VMAF comparisons for 2160 upscaled Content on YouTube
- Introduction
- Capture
- Quality
- 2160 Transcoding
- How did 1080 go?
- 2160 vmaf and bitrates
- YouTube downscaling
- 2160, 1440, 1080 vmaf
- Conclusion
- More to do
- Appendix A Tools
- Appendix Z Notes
Introduction
The purpose of these tests was to disprove the notion that uploading higher than 1080 content would give better quality results for the 1080 version of an upload than just uploading at 1080 by showing the vp9 version where supported instead of the h264 version. Turned out it does actually work. The turning point for me was the observation that some channel’s videos show you the vp9 version and some the h264, yet Youtube always encodes to both. Since I did a bunch of vmaf comparisons of video for the previous article, Encoding for Youtube - I thought I would do something similar for 2160 upscales of the same source material.
Capture
Nine games were chosen, from slow-paced 30fps games with flat block-colour menus to a 60fps colourful racing game as well as some games I thought would be a challenge for both the encoders and the quality assessment.
- Death Stranding
- Detroit: Become Human
- Diablo 3
- Flower
- Forza Horizon 4
- Untitled Goose Game
- Persona 4
- Resident Evil 7
- Rogue Legacy
These representative 3-minute clips will be referred to by shorthand names: Death Detroit Diablo Flower Forza Goose Persona RE7 Rogue.

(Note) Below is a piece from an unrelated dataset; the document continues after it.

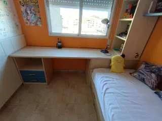 Se vende dormitorio juvenil en buen estado. Incluye 2 camas, estanterías, escritorio, cajones y arcón. - 2 Camasindividuales - Estantería alta con baldas. - Escritorio integrado. - Estilo moderno y funcional. -Colchón de arriba de látex.. Usado y bien conservado. -colchoneta de la cama de abajo poco usada, de muelles. - se regala ropa de cama y mantas

Capturing is further detailed in the previous article. Whilst transcoding is lossless, the initial captures are not true lossless for practicality’s sake as they are limited range, yuv420p and were in 60000/1001fps.
Quality
VMAF Blurb: VMAF (Video Multi-Method Assessment Fusion) is a perceptual video quality assessment algorithm developed by Netflix. VMAF Development Kit (VDK) is a software package that contains the VMAF algorithm implementation, as well as a set of tools that allows a user to train and test a custom VMAF model. Read this techblog post for an overview, or this post for the latest updates and tips for best practices.

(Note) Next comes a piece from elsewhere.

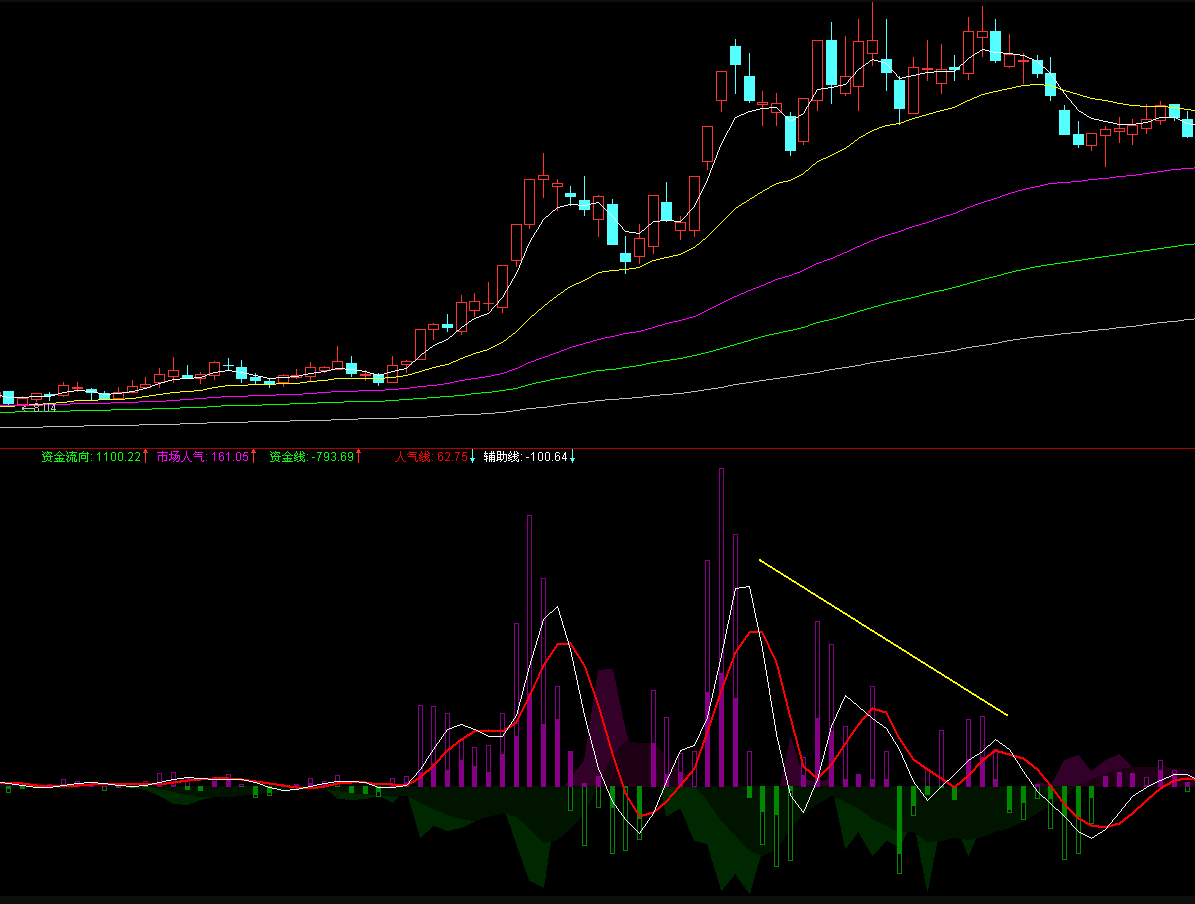 辅助线:EMA(MA(市场人气,3),3),COLORWHITE;

Basically, vmaf is a rating for comparing a distorted video to its original and telling you how close it is. It is an objective measure of how close the video matches, one that takes many methods into account and is specifically for video. The scale itself is more subjective and based upon how real humans would rate the content.
2160 Transcoding
I thought it would be interesting to upscale with (ffmpeg default is bicubic) and without filters (nearest neighbour). The x265 encoder was used at the slow preset at crf 18 (constant rate factor, going from 0, lossless, to 51, awful). The last set of tests showed that using lossless doesn’t really affect the final vmaf rating from Youtube, so this time only the crf version was used, and is more feasible to upload outside of testing. The slow preset is just so it encodes in a reasonable time across the network.

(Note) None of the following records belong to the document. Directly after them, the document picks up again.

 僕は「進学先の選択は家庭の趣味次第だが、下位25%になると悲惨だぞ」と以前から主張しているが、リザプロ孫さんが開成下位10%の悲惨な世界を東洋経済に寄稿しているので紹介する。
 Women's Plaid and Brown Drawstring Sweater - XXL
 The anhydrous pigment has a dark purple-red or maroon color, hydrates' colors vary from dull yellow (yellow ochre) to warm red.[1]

parallel --nice 20 --eta -S node1,node2,node3 -j1 ffmpeg -i {}_ll.mkv -crf 18 -c libx265 -preset slow -vf scale=3840x2160:flags=bicubic {}_265_s_18_4k.mkv ::: Death Detroit Diablo Flower Forza Goose Persona RE7 Rogue
parallel --nice 20 --eta -S node1,node2,node3 -j1 ffmpeg -i {}_ll.mkv -crf 18 -c libx265 -preset slow -vf scale=3840x2160:flags=neighbor {}_265_s_18_4kn.mkv ::: Death Detroit Diablo Flower Forza Goose Persona RE7 Rogue
The naming convention is just the game name, video type (265), crf value (18) and 4k for default upscaling (bicubic) and 4kn for upscaling with none or (nearest) neighbor.
Despite working with upscaled videos we can still perform vmaf comparisons by simply running the reference lossless videos through the same upscale filter when comparing. We even have a new comparison to make since vmaf provides a 4k (2160) model (vmaf_4k_v0.6.1) as well as the usual 1080 (vmaf_v0.6.1) one.
Most recently, we added a new 4K VMAF model which predicts the subjective quality of video displayed on a 4K TV and viewed from a distance of 1.5H. A viewing distance of 1.5H is the maximum distance for the average viewer to appreciate the sharpness of 4K content. The 4K model is similar to the default model in the sense that both models capture quality at the critical angular frequency of 1/60 degree/pixel. However, the 4K model assumes a wider viewing angle, which affects the foveal vs peripheral vision that the subject uses.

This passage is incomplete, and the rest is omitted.